31. Manage protected users
I now want to talk about a feature that we have in our on-premises Active Directory that a lot of people have never heard of before. It’s called the Protected Users Group. And by putting users in this group like admins, it’s going to add an additional layer of protection to prevent the users’ passwords and things like that from being exposed.
First, I want to just kind of dive into what Microsoft says about it, because that ultimately is what matters here. And if we pull up our web browser and do a quick search on Active Directory Protected Users Group, there is a nice little article that explains this. And again, I’m just searching for it so that you can, if you ever want to find it yourself, you can find it yourself. This is what the article looks like. Protected User Security Group. Now, if we look down, the benefits of this. All right. So, device protections for signed in Protected Users. So, when a user is part of this group, credential delegation will not cache the user’s plain text credentials even with the Allow delegating default credentials. So, this account was used for like a service account or something. And we had enabled a delegation feature with some kind of older system or something. It’s never going to cache anything in clear text beginning with 8.1 and server 2012 digest will not cache the user’s plain text. We said that already entail and will not cache the user’s plaintext credentials. So, if your company is still using the older protocol called NTLM, maybe, for backwards compatibility, there’s not going to be any plain text. So, this is a guarantee. No plain text caching in memory or anything like that. There’s any kind of spyware on a system. It’s not going to be able to see somebody’s password. Kerberos will no longer create DES or RC4 keys. Those are old, you know. And one of the problems you run into here is that companies will have upgraded their domains over the years, you know, from like Windows 94 to Windows 2000, then in 2003, and then in 2008, and then in 2012, and then in 2016. And then in 2019 to 2022. You run into that whole situation where there’s still all this old configuration that’s been left in place ever since the 1990s. So, this is a guarantee that any of these accounts, it’s not going to allow any of that sort of thing.

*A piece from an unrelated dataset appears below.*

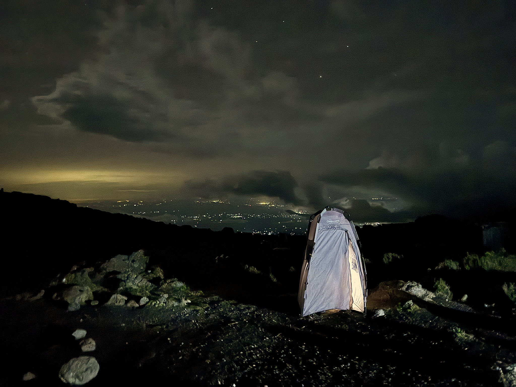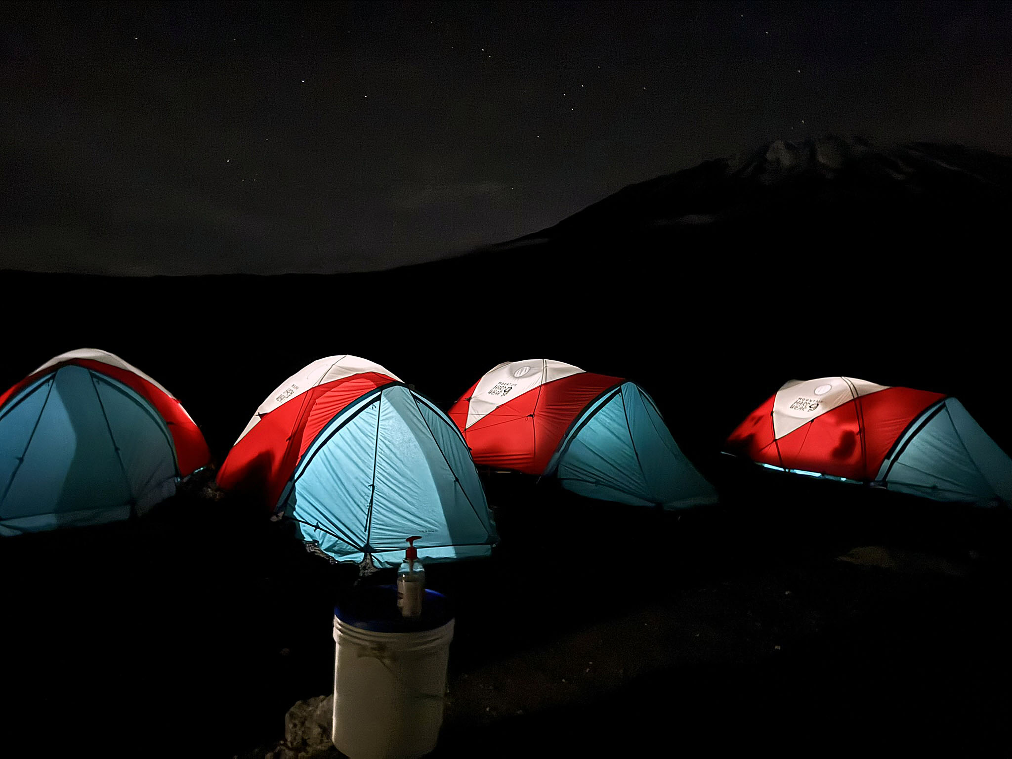 Richard and MJ seemed to have recovered a bit at dinner, though they had a bit of headache. We had such a good atmosphere in the group, so they were still smiling, laughing and taking part in the dinner discussions. Food was spectacularly good, done by the experienced mountain chef, Juma. We also had a private toilet, a tent with a real toilet inside. Which we all visited a lot. This night, I went up twice to pee, but hard the some of the others did plenty of more visits. And in the morning, both Richard and MJ felt weaker, though MJ was on paracetamol and Imodium, which seemed to help little. Richard still in thought what was good or not. We Westerners were all on Diamox and especially Norm felt the side effect of taking it, with tingling fingers. Richard didn´t want to mix medicine.

So, then it also says, “A cached verifier is not created in sign-in or unlock, so offline sign-in is no longer supported.” That is one thing you do need to consider. If there’s no connectivity with the domain controller at that point, this person is not going to be able to log on if they’re part of the protected user group.
Now, how do we make somebody a protected user? Well, we’ll go to our Server Manager, we’ll go Tools, we’ll open up Active Directory Users and Computers. Here it is. We’ll go to the Users folder. And then from there, there is a group called Protected Users. All you got to do is put the user in this group and at that point they become a protected user. So, if I wanted to put myself in there, I could just double click. But at that point, keep in mind you won’t be able to do the offline cache log on or any of that where if you don’t have a domain or you’re not going to be able to log on.
Hopefully, now that makes sense and helps you understand the concept of the Protected Users group.